University of Chicago pediatric neurologist Dr. Peter Huttenlocher has chronicled this extraordinary epoch in brain development by autopsying the brains of infants and young children who have died unexpectedly. The number of synapses in one layer of the visual cortex, Huttenlocher reports, rises from around 2,500 per neuron at birth to as many as 18,000 about six months later. Other regions of the cortex score similarly spectacular increases but on slightly different schedules. And while these microscopic connections between nerve fibers continue to form throughout life, they reach their highest average densities (15,000 synapses per neuron) at around the age of two and remain at that level until the age of 10 or 11.

This profusion of connections lends the growing brain exceptional flexibility and resilience.

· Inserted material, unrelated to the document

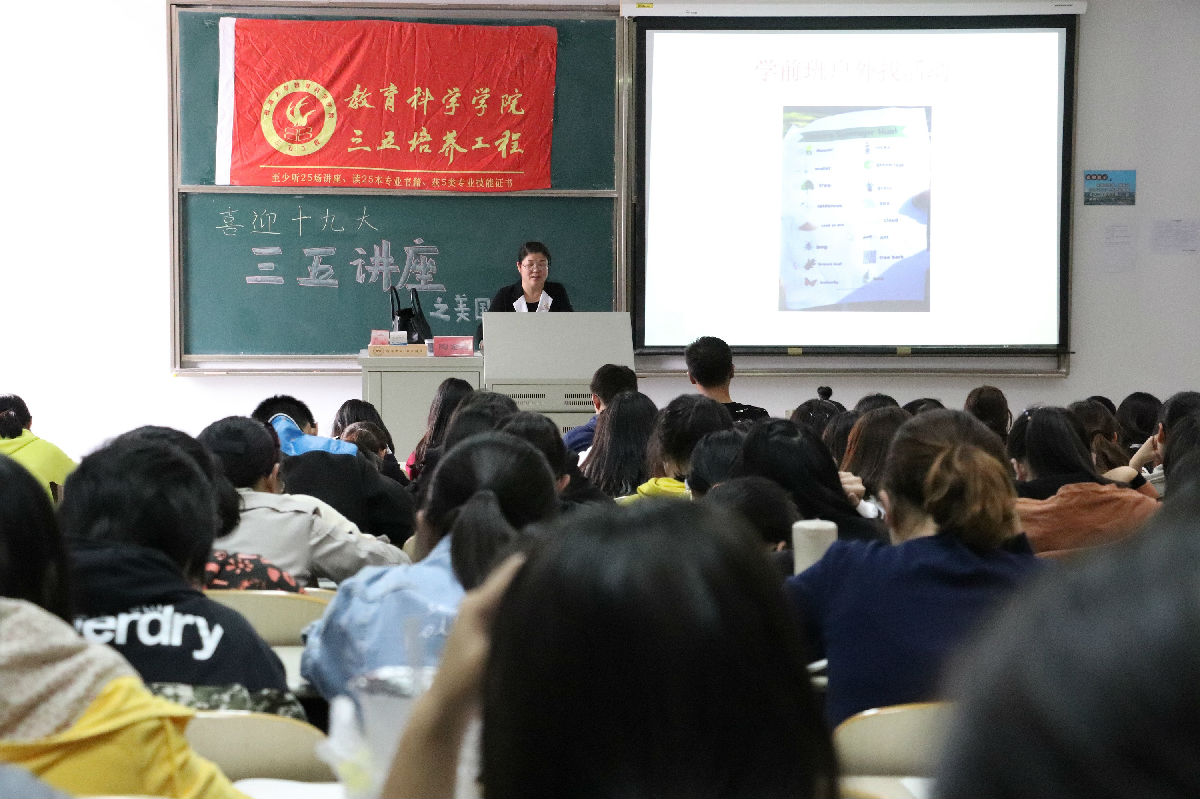 讲座中,陶金玲老师首先向我们讲解了她在美国生活时的所见所闻发表了自己的感想。对比了美国与中国教育以及生活方式的不同,指出中美教育中存在的问题,指出美国先进教育经验对国教育改革的借鉴。鼓励大家勤于学习,既要借鉴美国教育长处,从中取长补短,吸取人经验,又要结合我们自己的实际,促进教育改革,创新中国教育特色,让中国成为实力与智力底蕴深厚的强国。

Consider the case of 13-year-old Brandi Binder, who developed such severe epilepsy that surgeons at UCLA had to remove the entire right side of her cortex when she was six. Binder lost virtually all the control she had established over muscles on the left side of her body, the side controlled by the right side of the brain. Yet today, after years of therapy ranging from leg lifts to math and music drills, Binder is an A student at the Holmes Middle School in Colorado Springs, Colorado. She loves music, math and art--skills usually associated with the right half of the brain. And while Binder's recuperation is not 100%--for example, she has never regained the use of her left arm--it comes close. Says UCLA pediatric neurologist Dr. Donald Shields: "If there's a way to compensate, the developing brain will find it."